Task details ->
Only the lines from the start of the data through the line with "Een minimalistisch abstract" belong in the copy. Restate them word for word, minus the pictures.

Provided material ->
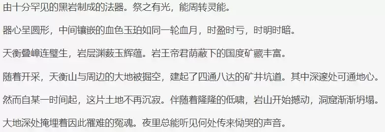 根据黑岩绯玉的背景故事,对天衡山的开采似乎引发了地震,不少矿洞因此坍塌,很多工人死于矿难。后来轻策庄的方士向当时主掌锻造的云家和寒家贡献了一枚血玉珀,最终平息了地震。
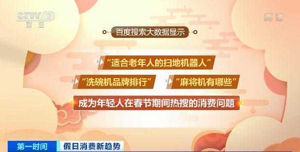 远程关爱父母、拥抱智慧生活,成为今年春节消费的新主题。百度搜索大数据显示,“适合老年人的扫地机器人”“洗碗机品牌排行”“麻将机有哪些”等问题,成为年轻人在春节期间热搜的消费问题。
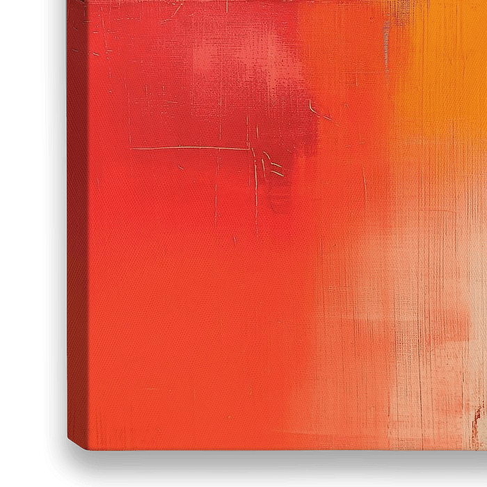 Een minimalistisch abstract kunstwerk met grote, opvallende kleurblokken die overgaan in kleine penseelstreken van wit. De compositie is eenvoudig maar krachtig en roept gevoelens van passie en intensiteit op.
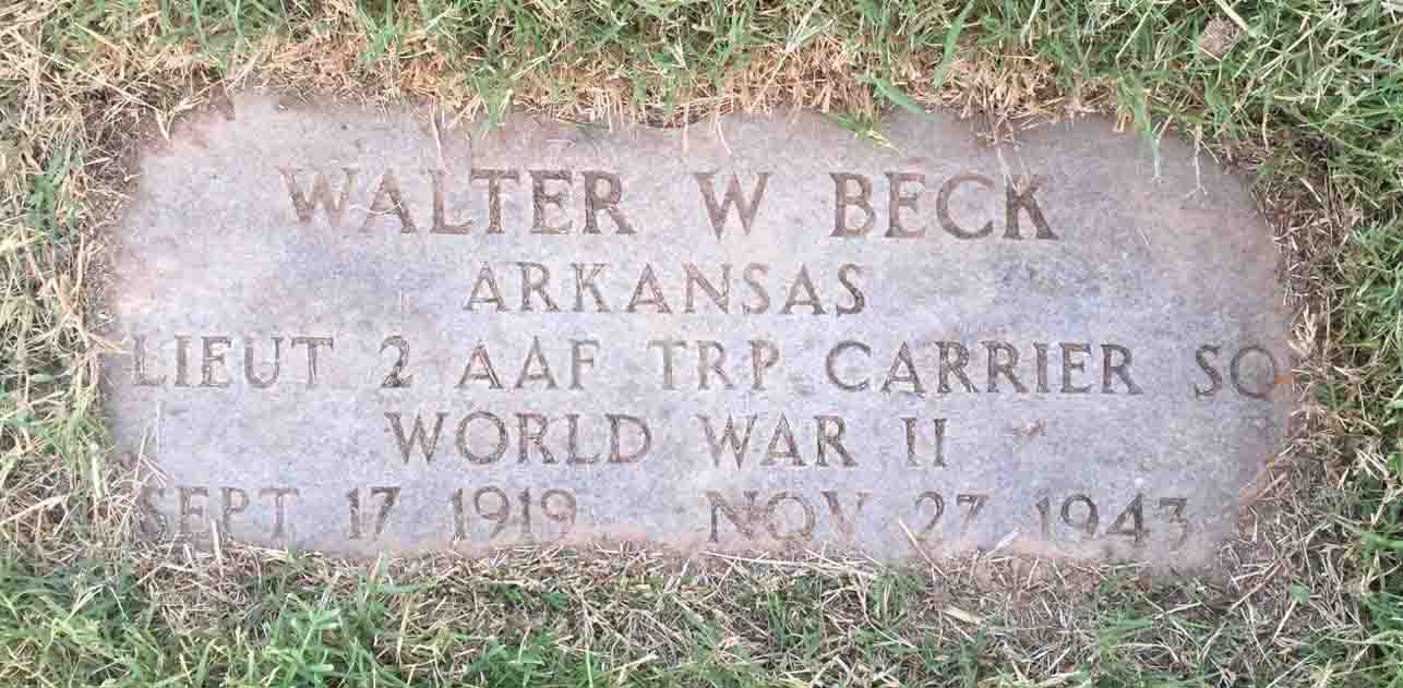 Walter W. Beck was born on September 17, 1919. He served in the 2nd Troop Carrier Squadron as a Second Lieutenant. He was a passenger of an aircraft when he died on November 27, 1943 at the age of 24. He is now buried in the Lone Tree Cemetery, Stuttgart, Arkansas County, Arkansas, USA. He was one of over 2000 Americans who lost their lives defending China from their Japanese invaders from 1941-1945. He is commemorated on the The Monument to the Aviation Martyrs in the War of Resistance Against Japan in Nanjing, China but death date is inscribed as 1943-11-12.

Answer ->
 根据黑岩绯玉的背景故事,对天衡山的开采似乎引发了地震,不少矿洞因此坍塌,很多工人死于矿难。后来轻策庄的方士向当时主掌锻造的云家和寒家贡献了一枚血玉珀,最终平息了地震。
 远程关爱父母、拥抱智慧生活,成为今年春节消费的新主题。百度搜索大数据显示,“适合老年人的扫地机器人”“洗碗机品牌排行”“麻将机有哪些”等问题,成为年轻人在春节期间热搜的消费问题。
 Een minimalistisch abstract kunstwerk met grote, opvallende kleurblokken die overgaan in kleine penseelstreken van wit. De compositie is eenvoudig maar krachtig en roept gevoelens van passie en intensiteit op.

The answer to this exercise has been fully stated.